Friends and family of Ross Ulbricht, the man accused of creating and running the illegal Silk Road marketplace that was shut down by the FBI in October, have put together $1 million for his bail application.
The hefty sum is meant to guarantee that Ulbricht, who is currently being held in solitary confinement at Brooklyn Metropolitan Detention Centre, will not flee the country if he is allowed to live with his aunt in New York while his trial is ongoing.
Silk Road was founded in 2011 and sold everything from drugs and weapons to malware, forged documents and stolen credit card details. However, the letter submitted in support of the application for bail by Ulbricht’s defence lawyer describes him as an honest and kind man with “an incredibly strong set of principles that he lives by” and “a long reputation for fulfilling his obligations”. The bail hearing is set for Thursday.
Silk Road was an unregulated marketplace that could only be accessed through the anonymous Tor protocol. It was run by an entity known only as the ‘Dread Pirate Roberts’, and used Bitcoin as the currency of choice.
The FBI claims that over 9.5 million bitcoins had been traded on the Silk Road since the site went live, constituting roughly 80 percent of all BTC currently in circulation.

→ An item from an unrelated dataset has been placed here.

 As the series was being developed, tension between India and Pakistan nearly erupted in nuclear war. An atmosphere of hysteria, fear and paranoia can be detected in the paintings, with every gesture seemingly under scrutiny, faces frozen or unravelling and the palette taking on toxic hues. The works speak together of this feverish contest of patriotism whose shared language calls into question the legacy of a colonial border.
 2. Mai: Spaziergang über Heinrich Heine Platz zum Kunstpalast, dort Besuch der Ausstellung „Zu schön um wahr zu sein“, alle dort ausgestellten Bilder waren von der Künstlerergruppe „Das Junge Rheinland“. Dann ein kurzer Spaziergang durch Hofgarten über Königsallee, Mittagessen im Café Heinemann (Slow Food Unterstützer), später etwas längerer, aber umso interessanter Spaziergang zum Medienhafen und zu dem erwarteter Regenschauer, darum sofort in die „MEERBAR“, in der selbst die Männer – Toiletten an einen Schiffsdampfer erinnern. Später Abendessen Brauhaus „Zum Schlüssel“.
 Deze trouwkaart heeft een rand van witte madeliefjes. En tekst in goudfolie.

During Ulbricht’s arrest, law enforcement agencies confiscated 26,000 BTC, worth approximately $3.6 million – the largest ever seizure of virtual currency.
The letter claims that even if the 29-year-old suspect was managing the site, he has no funds left to fund a potential escape. Twenty-four people have signed the document testifying to Ulbricht’s good character, and his parents went as far as to put up their family home, worth around $700,000, as part of the bail package.

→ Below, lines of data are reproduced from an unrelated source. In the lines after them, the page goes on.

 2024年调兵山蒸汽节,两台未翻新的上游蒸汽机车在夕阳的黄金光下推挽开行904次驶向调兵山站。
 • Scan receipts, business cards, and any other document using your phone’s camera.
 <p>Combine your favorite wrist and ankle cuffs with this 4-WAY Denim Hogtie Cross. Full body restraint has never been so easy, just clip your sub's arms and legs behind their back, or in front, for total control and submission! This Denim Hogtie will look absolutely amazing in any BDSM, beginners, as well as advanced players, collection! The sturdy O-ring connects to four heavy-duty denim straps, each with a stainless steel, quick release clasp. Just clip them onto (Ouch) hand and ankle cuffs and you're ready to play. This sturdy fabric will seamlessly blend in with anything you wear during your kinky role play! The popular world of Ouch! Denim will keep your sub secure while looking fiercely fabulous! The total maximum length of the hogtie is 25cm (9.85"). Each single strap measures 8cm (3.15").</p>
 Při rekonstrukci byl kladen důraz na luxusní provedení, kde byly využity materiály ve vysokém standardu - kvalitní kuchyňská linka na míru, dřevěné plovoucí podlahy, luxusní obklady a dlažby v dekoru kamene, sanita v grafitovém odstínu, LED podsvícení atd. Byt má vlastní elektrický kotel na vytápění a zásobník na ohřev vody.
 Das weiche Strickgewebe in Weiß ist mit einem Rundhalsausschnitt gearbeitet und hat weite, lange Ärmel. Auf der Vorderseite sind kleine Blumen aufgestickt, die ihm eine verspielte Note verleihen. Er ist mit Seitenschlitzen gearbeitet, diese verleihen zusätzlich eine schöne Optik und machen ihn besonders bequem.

Ulbricht has no criminal record and according to the letter, he had even created a non-profit organisation that donates used books to prison libraries. For these reasons, his parents are “confident he will comply with conditions of release even though they are aware of the gravity of the allegations in this case”.
The support letter also claims that if Ulbricht was indeed Dread Pirate Roberts, he would have fled the country after being approached by federal agents for the first time, months before his arrest.
Ulbricht’s description by his friends and family stands in sharp contrast with that of the administrator of the Silk Road, who allegedly attempted to hire a hitman when a trader threatened to reveal the inner workings of the website, only for the would-be assassin turned out to be an undercover Drug Enforcement Administration (DEA) agent.
Meanwhile, a much talked about successor to the Silk Road has already launched, administered by someone calling themselves… the Dread Pirate Roberts.